What is needed:
Start at the top of the records and, please, print each line exactly through the line that contains "Boletin N°6 año", leaving out all pictures.

----------

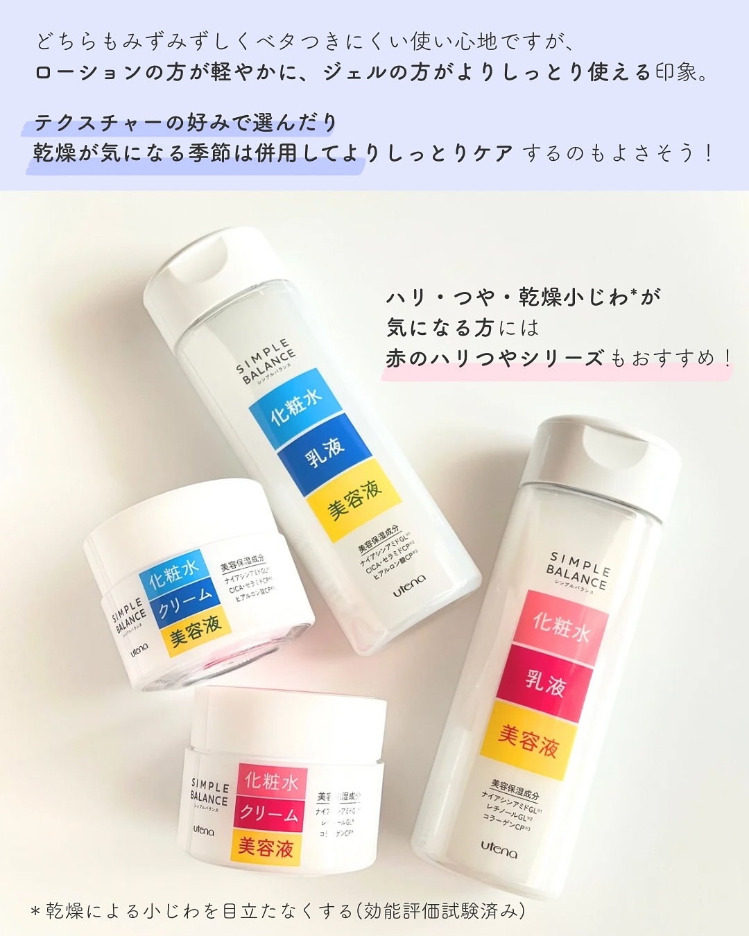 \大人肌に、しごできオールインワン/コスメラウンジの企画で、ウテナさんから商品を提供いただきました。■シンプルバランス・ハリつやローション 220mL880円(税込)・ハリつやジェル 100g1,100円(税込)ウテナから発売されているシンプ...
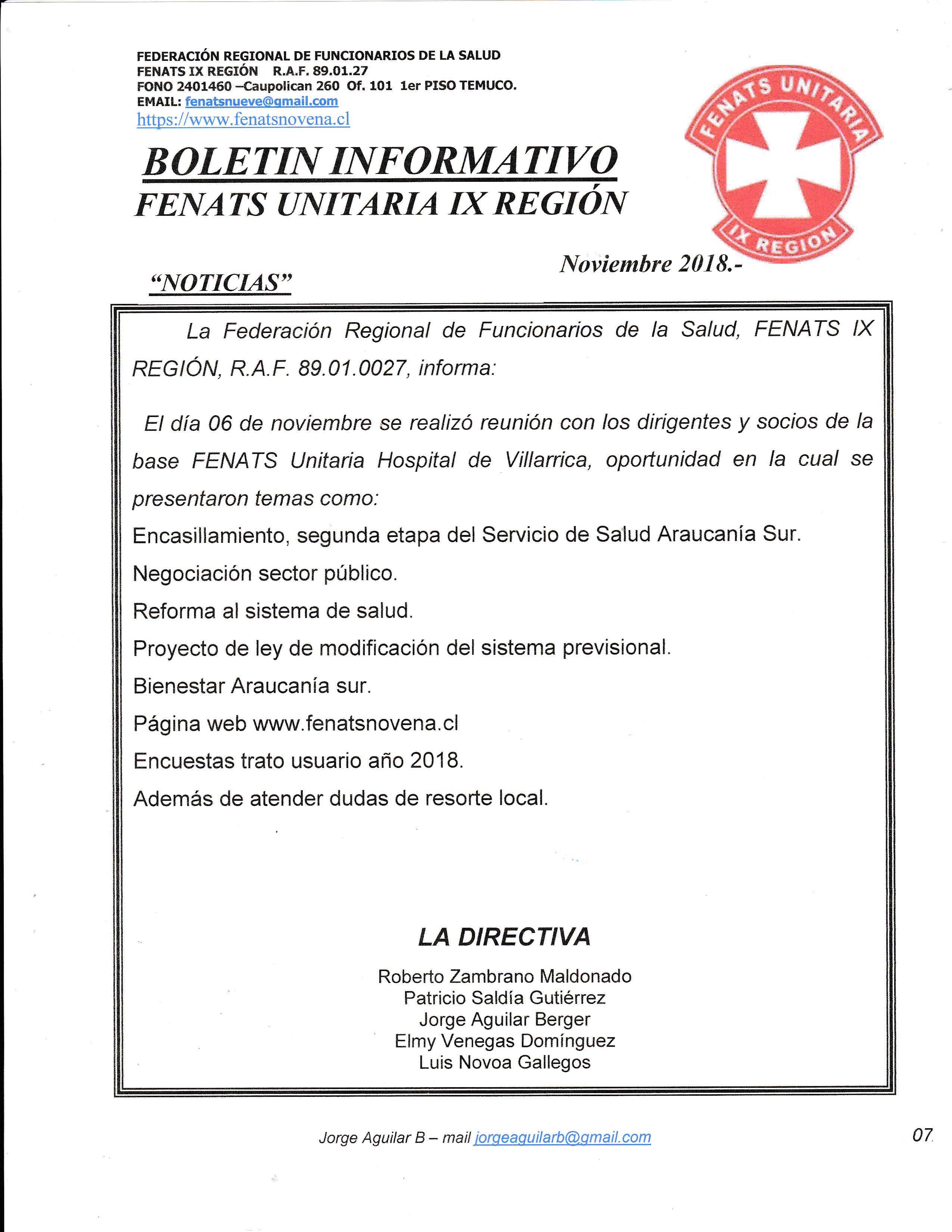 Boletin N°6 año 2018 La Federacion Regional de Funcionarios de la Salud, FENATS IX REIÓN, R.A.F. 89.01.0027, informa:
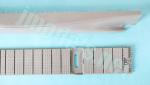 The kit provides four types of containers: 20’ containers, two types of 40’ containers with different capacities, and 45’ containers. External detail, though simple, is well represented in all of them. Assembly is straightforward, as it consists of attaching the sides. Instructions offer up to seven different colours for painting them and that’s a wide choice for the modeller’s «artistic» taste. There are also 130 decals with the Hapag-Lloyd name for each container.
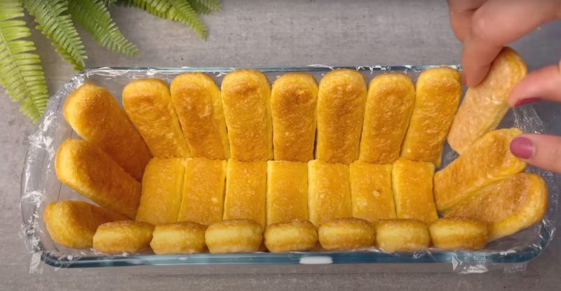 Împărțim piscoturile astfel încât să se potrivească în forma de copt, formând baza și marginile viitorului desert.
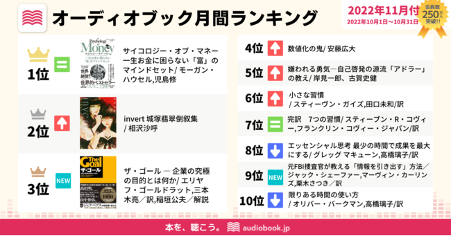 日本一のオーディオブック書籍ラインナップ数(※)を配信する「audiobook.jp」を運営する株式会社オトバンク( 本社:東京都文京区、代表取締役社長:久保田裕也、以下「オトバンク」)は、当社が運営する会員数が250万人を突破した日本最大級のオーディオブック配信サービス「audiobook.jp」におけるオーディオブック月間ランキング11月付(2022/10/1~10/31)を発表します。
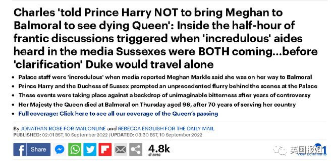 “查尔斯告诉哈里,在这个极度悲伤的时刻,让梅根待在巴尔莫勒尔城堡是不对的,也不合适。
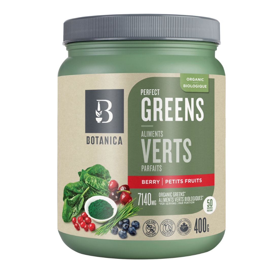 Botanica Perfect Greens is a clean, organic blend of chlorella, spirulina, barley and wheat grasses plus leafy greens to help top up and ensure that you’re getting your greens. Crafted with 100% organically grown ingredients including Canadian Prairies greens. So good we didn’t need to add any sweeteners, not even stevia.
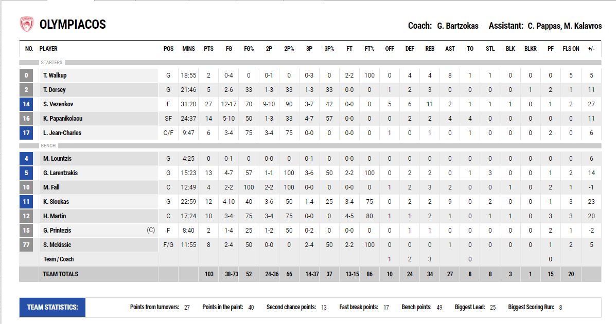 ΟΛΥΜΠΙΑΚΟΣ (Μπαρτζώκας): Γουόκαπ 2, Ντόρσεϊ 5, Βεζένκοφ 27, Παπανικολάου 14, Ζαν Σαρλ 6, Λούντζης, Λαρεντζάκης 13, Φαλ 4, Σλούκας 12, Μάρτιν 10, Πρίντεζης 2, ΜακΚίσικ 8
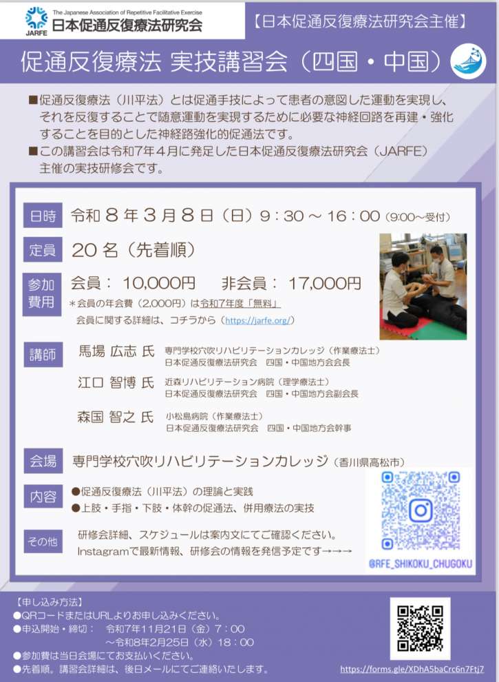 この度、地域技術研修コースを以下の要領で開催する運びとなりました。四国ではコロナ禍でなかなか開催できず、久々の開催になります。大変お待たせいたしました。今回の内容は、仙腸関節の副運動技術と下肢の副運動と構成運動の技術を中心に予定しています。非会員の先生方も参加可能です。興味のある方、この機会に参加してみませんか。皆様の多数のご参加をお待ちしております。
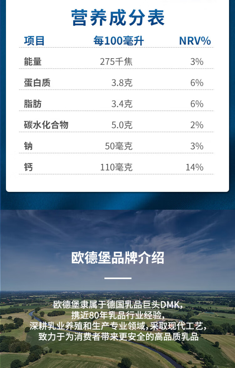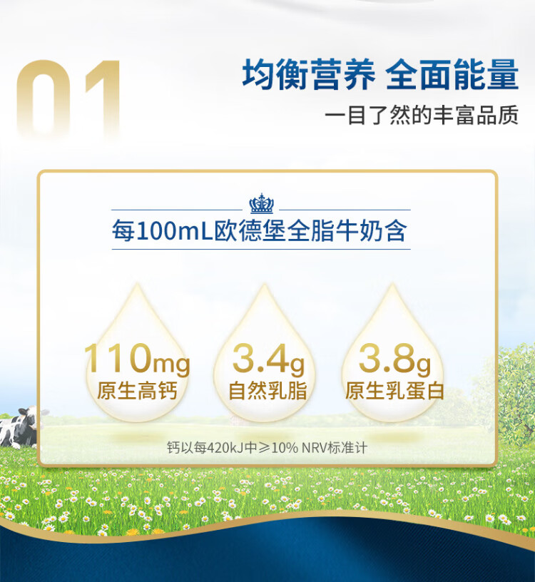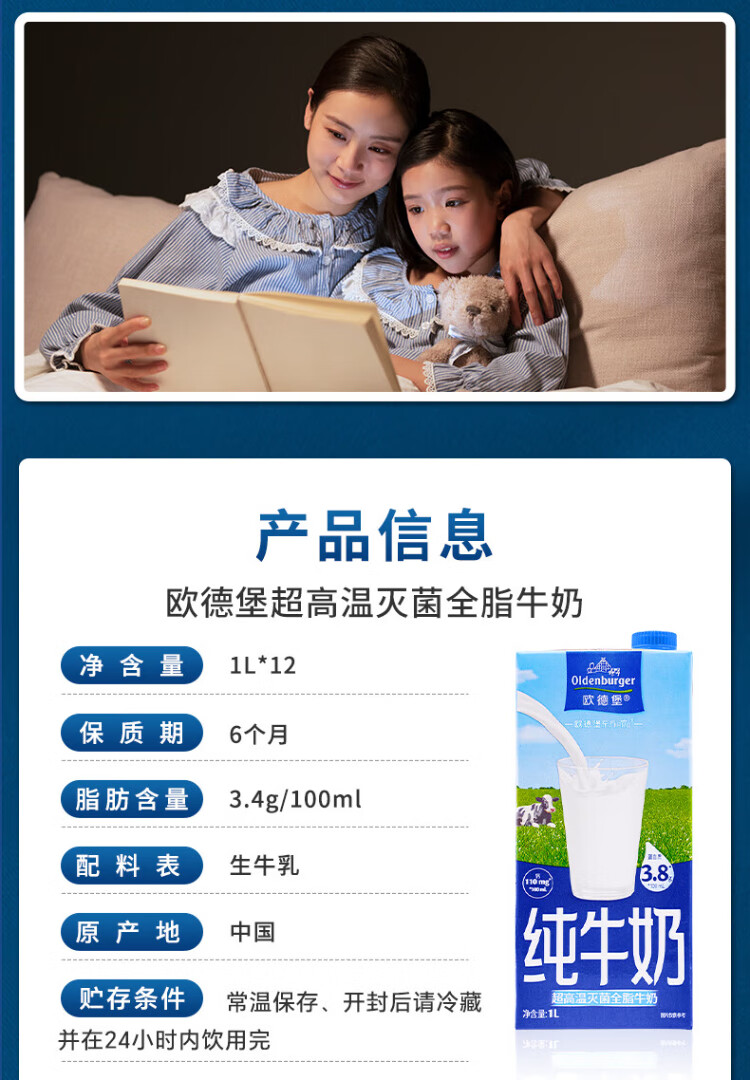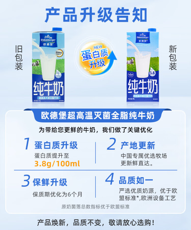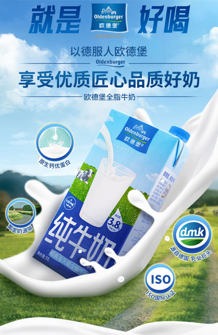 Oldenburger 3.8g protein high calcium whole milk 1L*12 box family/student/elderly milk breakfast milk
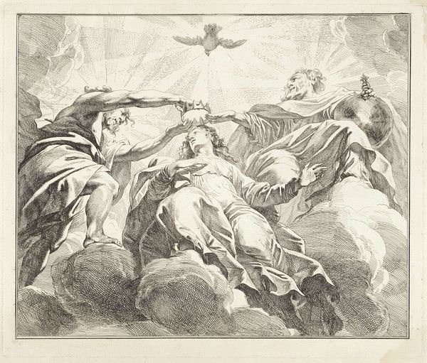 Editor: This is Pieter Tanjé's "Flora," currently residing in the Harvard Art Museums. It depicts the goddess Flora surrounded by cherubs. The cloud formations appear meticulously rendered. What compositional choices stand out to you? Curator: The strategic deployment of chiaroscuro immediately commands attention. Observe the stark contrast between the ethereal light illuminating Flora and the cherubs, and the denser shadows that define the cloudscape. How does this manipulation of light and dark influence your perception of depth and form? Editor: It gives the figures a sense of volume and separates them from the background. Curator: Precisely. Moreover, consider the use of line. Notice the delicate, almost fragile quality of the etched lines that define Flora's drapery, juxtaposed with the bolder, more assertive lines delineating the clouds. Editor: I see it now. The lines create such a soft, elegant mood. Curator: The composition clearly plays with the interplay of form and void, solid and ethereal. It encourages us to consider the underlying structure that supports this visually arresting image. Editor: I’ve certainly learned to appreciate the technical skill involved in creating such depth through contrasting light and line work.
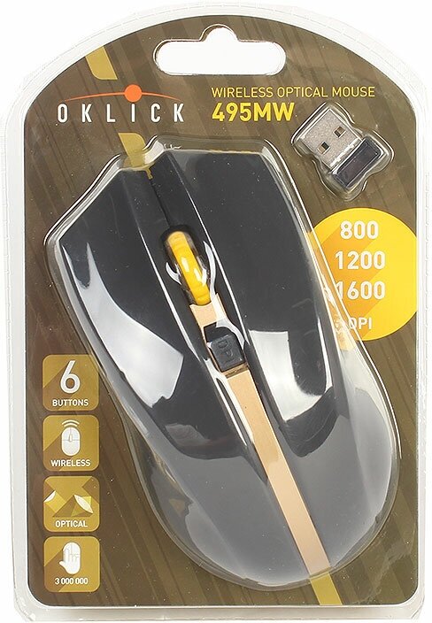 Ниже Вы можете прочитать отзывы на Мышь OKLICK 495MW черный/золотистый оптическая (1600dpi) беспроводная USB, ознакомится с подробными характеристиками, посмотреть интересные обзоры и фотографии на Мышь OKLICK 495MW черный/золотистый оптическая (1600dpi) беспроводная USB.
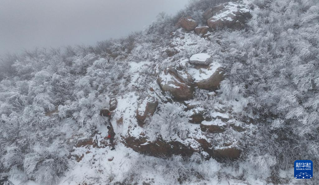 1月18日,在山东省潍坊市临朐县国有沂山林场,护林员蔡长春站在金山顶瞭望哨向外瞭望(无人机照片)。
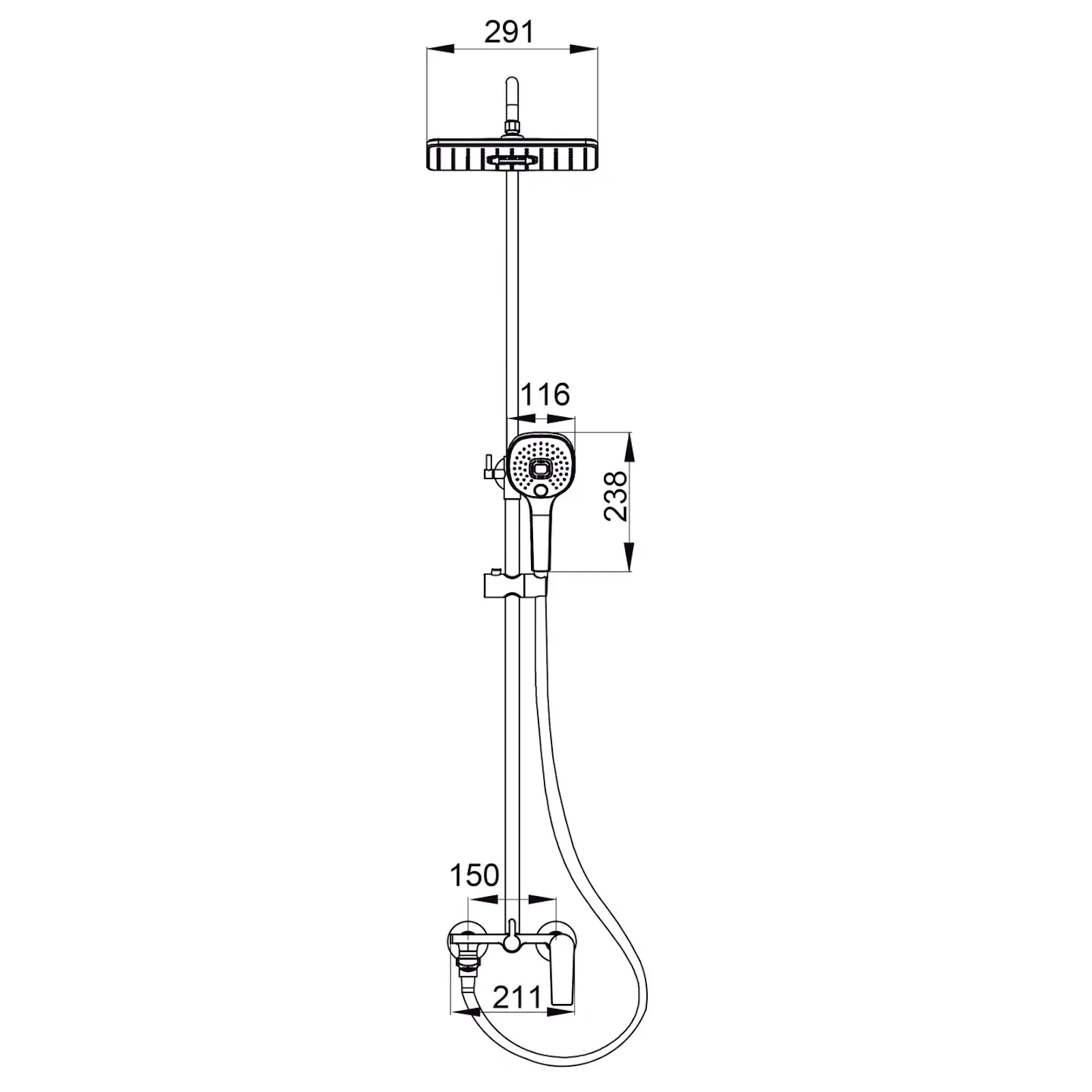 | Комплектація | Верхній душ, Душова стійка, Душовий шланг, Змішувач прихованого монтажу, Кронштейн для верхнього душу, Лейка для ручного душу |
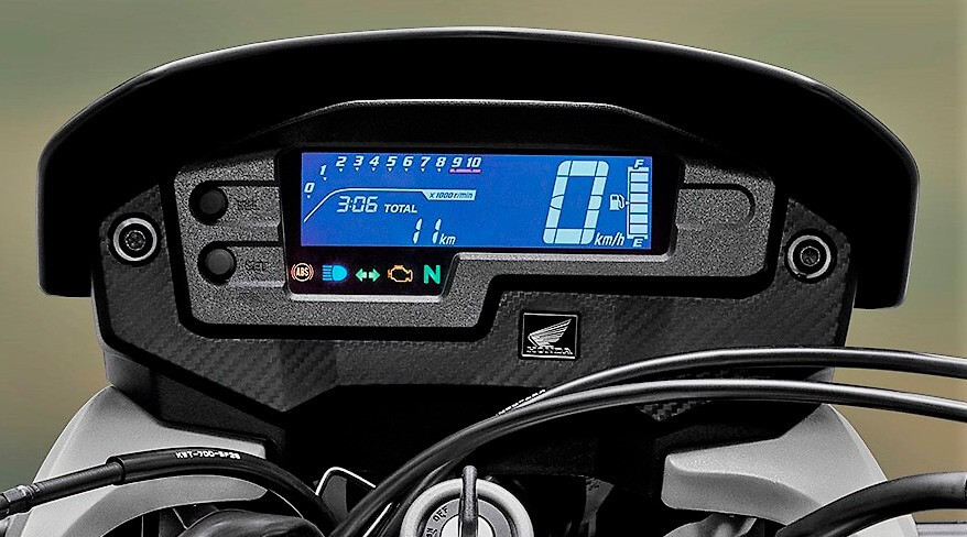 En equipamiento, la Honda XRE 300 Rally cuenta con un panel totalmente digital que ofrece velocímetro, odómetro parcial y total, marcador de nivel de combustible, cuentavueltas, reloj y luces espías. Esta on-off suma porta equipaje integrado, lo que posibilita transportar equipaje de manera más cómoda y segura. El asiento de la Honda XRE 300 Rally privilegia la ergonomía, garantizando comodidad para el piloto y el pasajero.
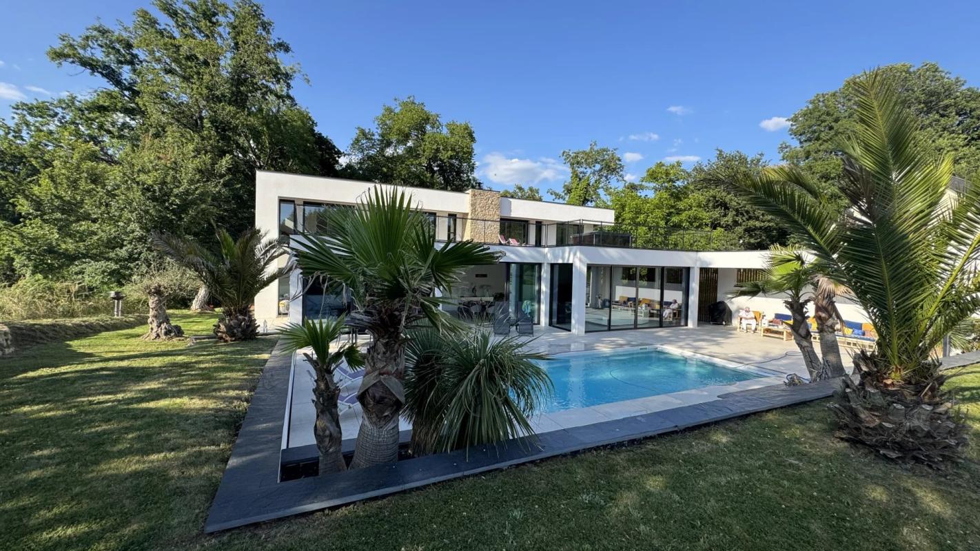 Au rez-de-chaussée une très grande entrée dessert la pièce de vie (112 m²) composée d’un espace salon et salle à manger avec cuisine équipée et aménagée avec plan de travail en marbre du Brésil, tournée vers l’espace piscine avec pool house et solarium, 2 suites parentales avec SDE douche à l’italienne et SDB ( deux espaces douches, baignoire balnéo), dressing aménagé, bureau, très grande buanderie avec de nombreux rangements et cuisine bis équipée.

----------

Response area:
 \大人肌に、しごできオールインワン/コスメラウンジの企画で、ウテナさんから商品を提供いただきました。■シンプルバランス・ハリつやローション 220mL880円(税込)・ハリつやジェル 100g1,100円(税込)ウテナから発売されているシンプ...
 Boletin N°6 año 2018 La Federacion Regional de Funcionarios de la Salud, FENATS IX REIÓN, R.A.F. 89.01.0027, informa:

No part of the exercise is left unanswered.